How HR can prepare for future challenges

There is a big risk for HR professionals if they don’t get better at being agile, one expert tells HRD

How HR can prepare for future challenges
A big challenge for HR across Australia is to prepare their workforces for the future of work which is going to be dominated by automation and AI, according to Aaron McEwan, HR advisory leader at CEB, now Gartner.

“Our research shows that from a CEO and board of directors perspective, the HR function is one responsible for preparing for the future of work,” he told HRD.

“They also see the HR function as responsible for stewarding and shepherding the cultural vision of the CEO. So I think HR is well and truly in the hot seat.”

McEwan added that HR needs to equip itself to move at the same speed that the business and the economy is moving - and that’s a big challenge

“When you look at the typical talent management processes that HR is engaged in, those things are not necessarily moving at the same speed of change as the organisation,” he said.

“There is a big risk here for HR if they don’t get better at being agile themselves and improving those processes because the business will simply sidestep them.”

At the moment, the leaders of the business are going direct to market to solve their talent challenges which is particularly concerning from an HR perspective, said McEwan.

“If you think about how important culture is and how important digitalisation is to compete and be innovative, then one of the big opportunities that HR has in this environment is to look at the contingent economy.”

There is a really interesting component in Australia that is very different to the contingent economies in other parts of the world, he said.
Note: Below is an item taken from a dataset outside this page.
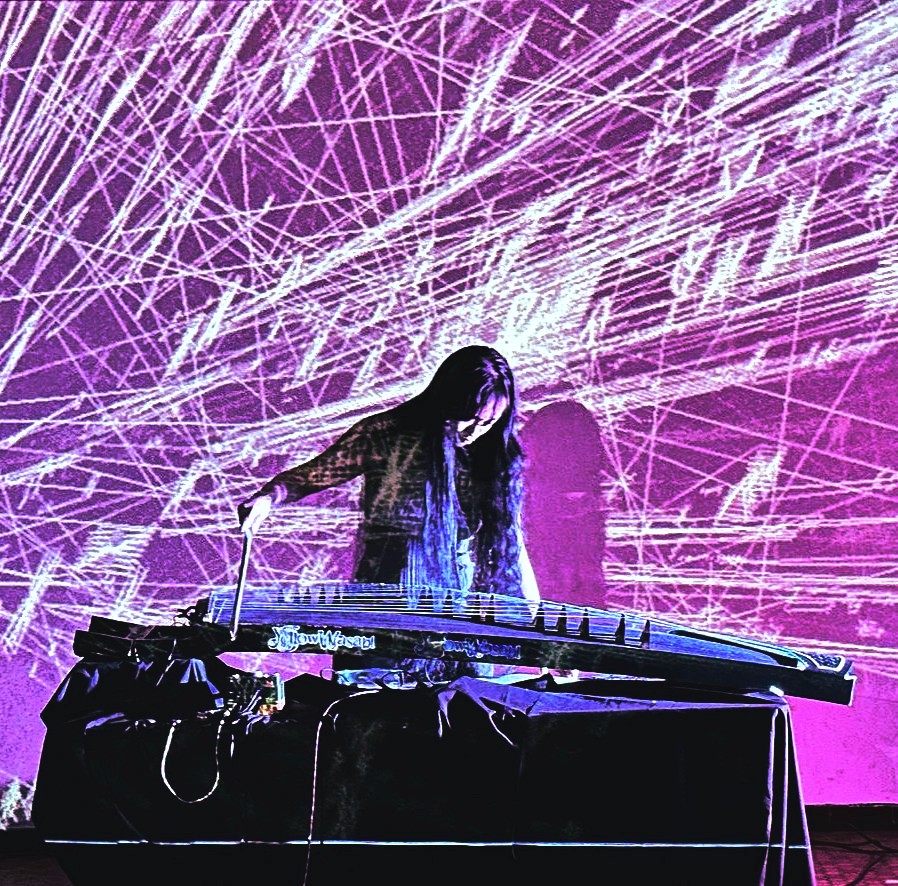 Yellow Wasabi, evolutionary biologist and new media artist in Paris. She combines sciences and arts to investigate the human position in the digital industry and ecological landscape. She uses computer programs and biological modules to innovate Guzheng, traditional Chinese harp; she shapes sound through AI motion capture and interactive projections. The noise of life is transformed into immaterial fossils of cognition that resonate with the audience’s emotional experience, improvising collectively to create an inclusive space.

That’s because the component of the contingent workforce that’s growing really fast is professional and sales people.

“So if you look at most other regions in the world, contingent workers are typically being driven by the likes of Uber drivers and Airtasker,” he said.
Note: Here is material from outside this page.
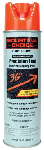 Create ultra-crisp, long-lasting marks with RUST-OLEUM INDUSTRIAL CHOICE? (r) M1600 system precision line inverted marking paint spray. This solvent-based formula creates accurate, easy-to-read markings in bright, durable colors. Use for marking concrete, pavement, gravel, grass, and more. Use to mark the location of underground utilities at construction and excavation sites where identification is desired. Features a precision-line spray tip for easy-to-read, bright, vivid markin gs. Can be applied down to 25-degree Fahrenhiet. Dries in less than 5 minutes. Spray-through cap. Tip keeps paint off fingers. Use with sku#826.4608. Can be used in USDA facilities based on FSIS Directive 11,000.4 (Rev. 1), November 24, 1995. Covers appro ximately 600-700 linear feet at 1 in. wide.

“In Australia, you have got highly-educated, highly-skilled professional and sales people that are increasingly looking for more flexibility, but underneath that they still want to be part of a culture and part of something bigger than them.”
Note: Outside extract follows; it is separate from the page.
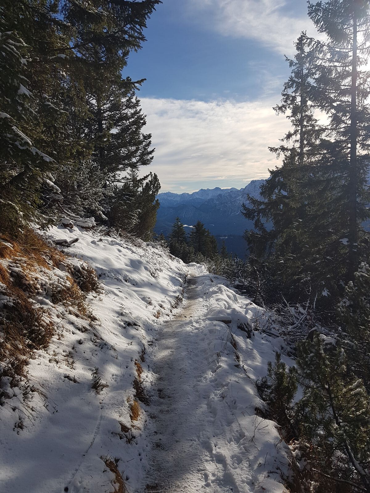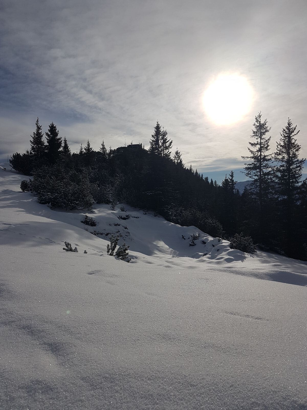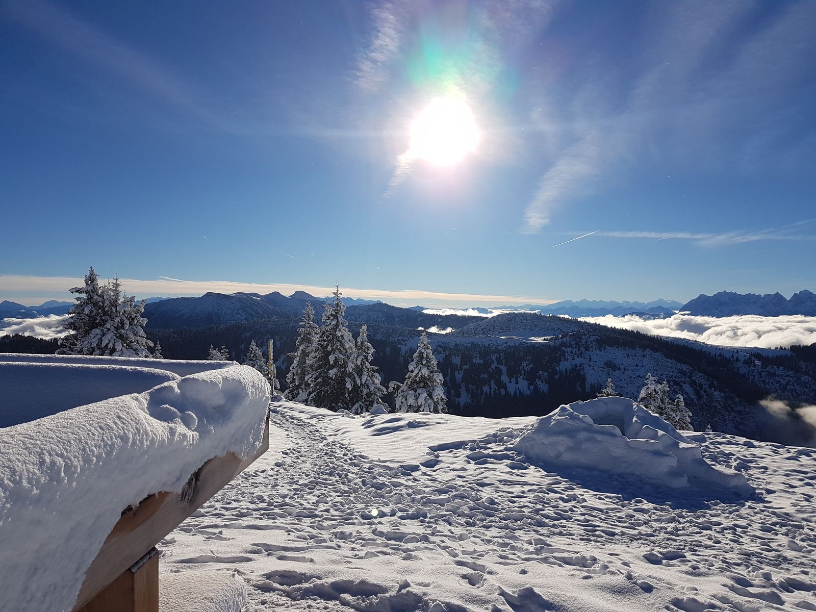 Aufstieg über Jägersteig problemlos möglich. Erst ab ca. 1300m geschlossene Schneedecke, aber Sulzingalm / ca. 1500m dann deutlich mehr Schnee. Es gibt eine gute Stapfspur (aber anscheinend nicht so häufig begangen) auf dem oberen Weg unterhalb der Wandspitze sowie eine stärker begangene Spur direkt runter zur Bergwachthütte. Morgens Spuren hart, mittags in der Sonne aufgefirnt wie an Ostern. Im letzten Stück einiges Schnee in den Latschen, dadurch kaum Felsstufen, sondern "Mini-Schnee-Hänge", aber machbar. Leute sind von allen Seiten hoch gekommen. Priener Hütte hat noch bis 26.12. zu, es gibt aber Getränke zu kaufen. Rodelstrecke großteils aper, unten im Schatten dann aber längere Stücke mit hart gefrorenem Schnee. Der Steig / die Abkürzung der Fahrstraße ist dagegen komplett schneefrei.

McEwan said there is an opportunity for Australian organisations to embrace flexibility and really look at how they engage with contingent talent.

This includes offerings like an employee value proposition, a workplace culture and conditions related to work such as access to development opportunities.

“Those are the things that if they are offered to contingent workers - as well as permanent workers - will position those organisations to have the first pick of the best talent that’s in the contingent economy,” said McEwan.

“That’s increasingly the exact talent we are looking for in terms of being highly-skilled, well-educated and digitally-savvy – they are the people in demand in organisations.

“So if we don’t start treating them a bit more like we are treating permanent employees it is going to be increasingly difficult to attract that talent. And as the cost of that talent increases it is not going to be feasible to simply throw more money at them.”